• **Supplied information**:
++++++
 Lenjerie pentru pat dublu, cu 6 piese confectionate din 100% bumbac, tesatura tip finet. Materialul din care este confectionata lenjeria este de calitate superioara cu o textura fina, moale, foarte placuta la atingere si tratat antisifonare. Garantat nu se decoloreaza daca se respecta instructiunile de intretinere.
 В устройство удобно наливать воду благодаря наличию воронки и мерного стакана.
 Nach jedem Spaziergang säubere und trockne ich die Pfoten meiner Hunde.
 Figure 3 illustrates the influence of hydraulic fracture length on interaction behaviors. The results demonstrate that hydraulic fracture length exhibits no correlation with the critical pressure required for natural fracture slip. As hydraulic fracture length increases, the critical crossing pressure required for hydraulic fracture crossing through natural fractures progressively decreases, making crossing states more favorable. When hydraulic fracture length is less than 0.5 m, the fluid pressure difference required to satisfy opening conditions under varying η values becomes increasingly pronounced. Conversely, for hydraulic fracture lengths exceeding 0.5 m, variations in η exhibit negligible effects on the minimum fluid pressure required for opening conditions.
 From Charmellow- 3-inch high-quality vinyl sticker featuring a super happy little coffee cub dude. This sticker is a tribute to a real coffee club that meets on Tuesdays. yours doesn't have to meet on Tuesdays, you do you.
++++++
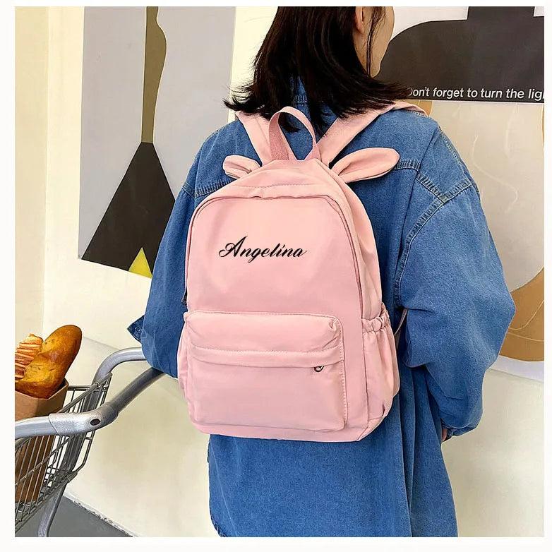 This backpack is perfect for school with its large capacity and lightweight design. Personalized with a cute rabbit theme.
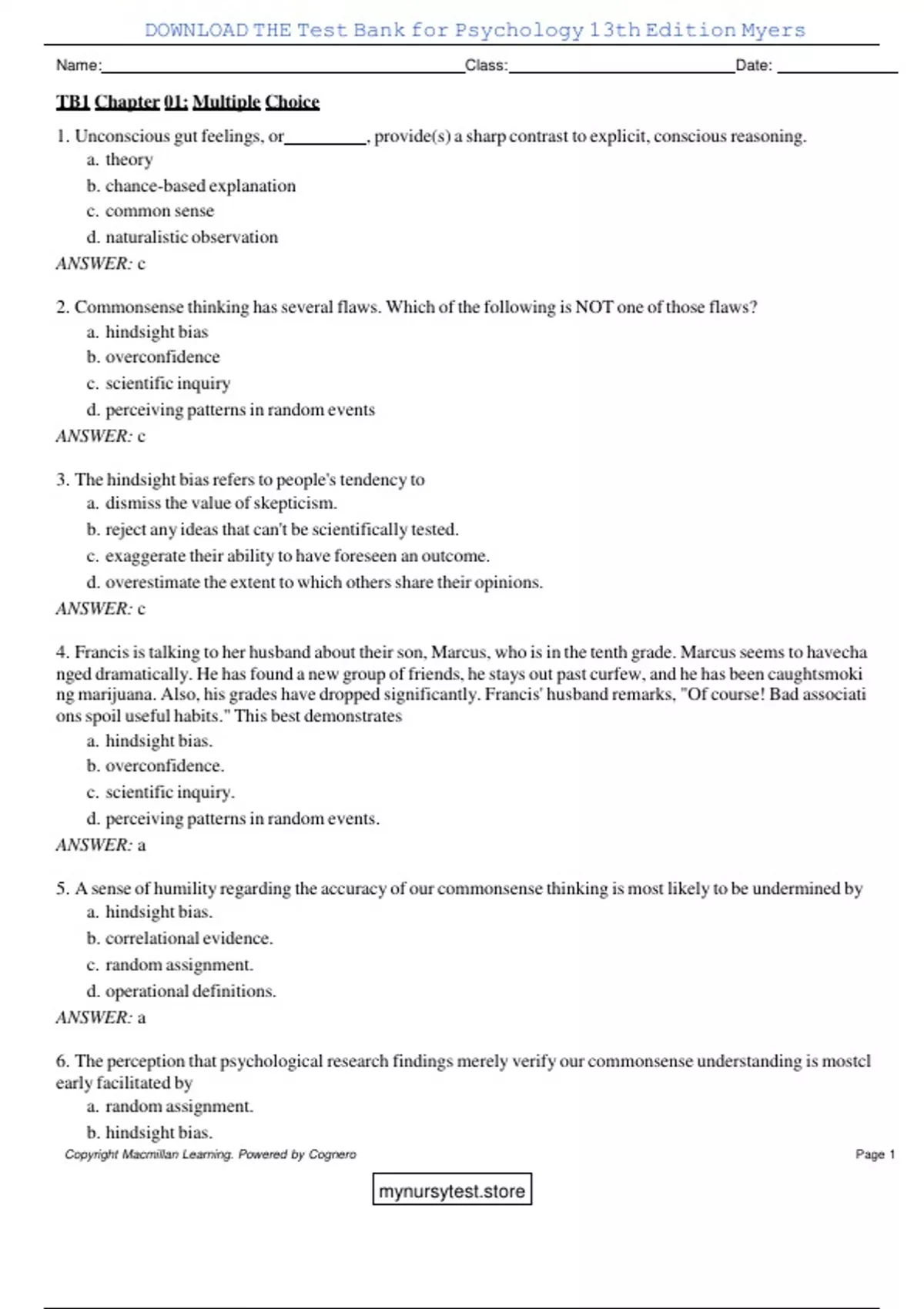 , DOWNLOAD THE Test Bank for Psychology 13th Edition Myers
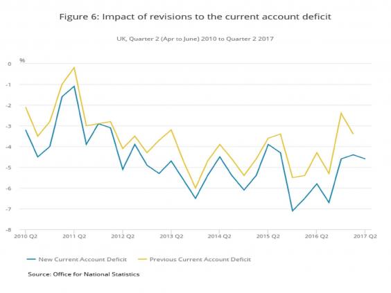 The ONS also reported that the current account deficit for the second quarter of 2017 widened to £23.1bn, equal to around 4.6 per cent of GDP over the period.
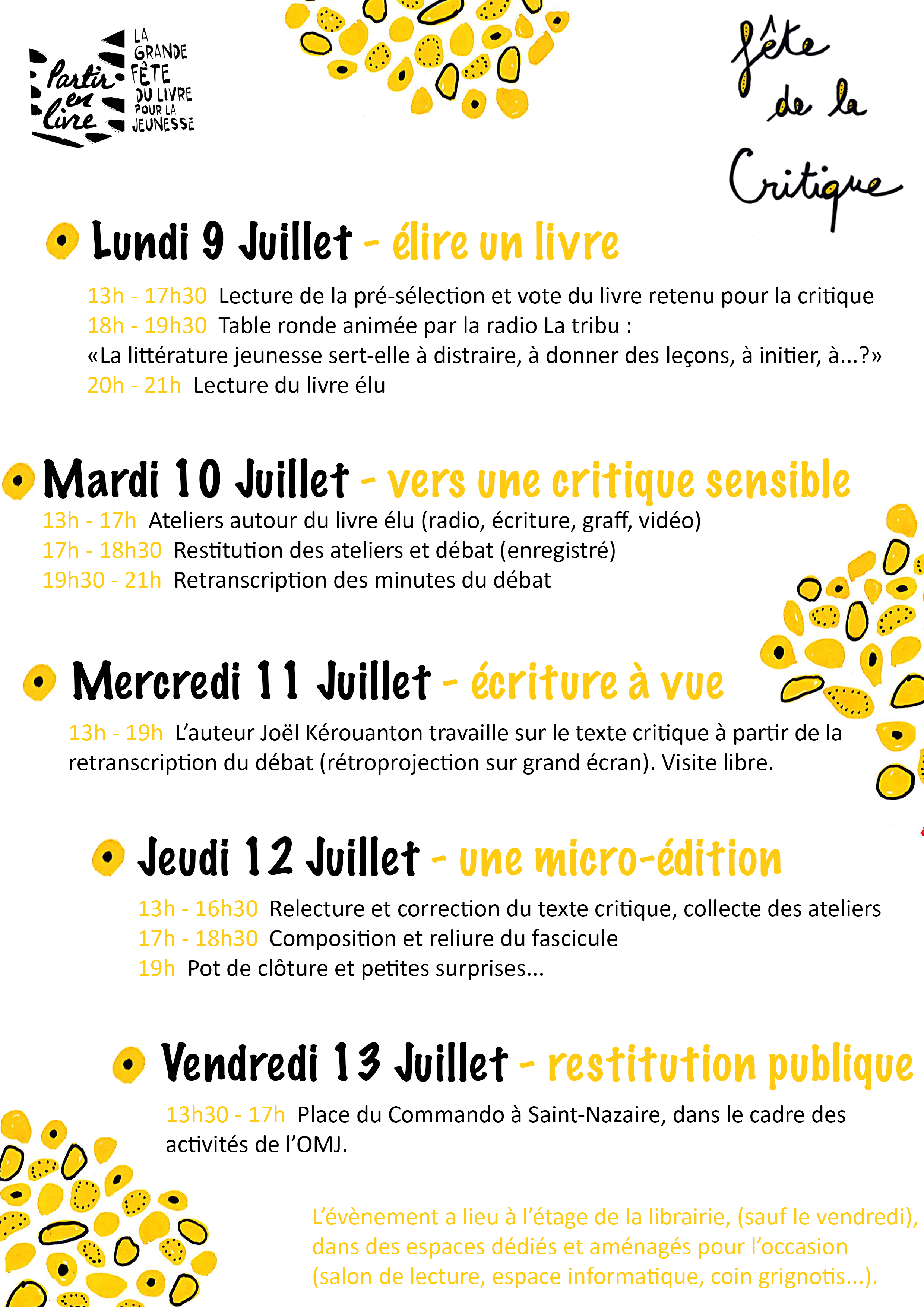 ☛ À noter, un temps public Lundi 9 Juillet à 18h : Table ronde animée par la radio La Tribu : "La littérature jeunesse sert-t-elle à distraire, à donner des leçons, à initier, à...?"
++++++
• **Problem details**: Going back over the entries above, copy word for word every line from the one that has "Lenjerie pentru pat" on through the one that has "Nach jedem Spaziergang".

• **Task solution**:
 Lenjerie pentru pat dublu, cu 6 piese confectionate din 100% bumbac, tesatura tip finet. Materialul din care este confectionata lenjeria este de calitate superioara cu o textura fina, moale, foarte placuta la atingere si tratat antisifonare. Garantat nu se decoloreaza daca se respecta instructiunile de intretinere.
 В устройство удобно наливать воду благодаря наличию воронки и мерного стакана.
 Nach jedem Spaziergang säubere und trockne ich die Pfoten meiner Hunde.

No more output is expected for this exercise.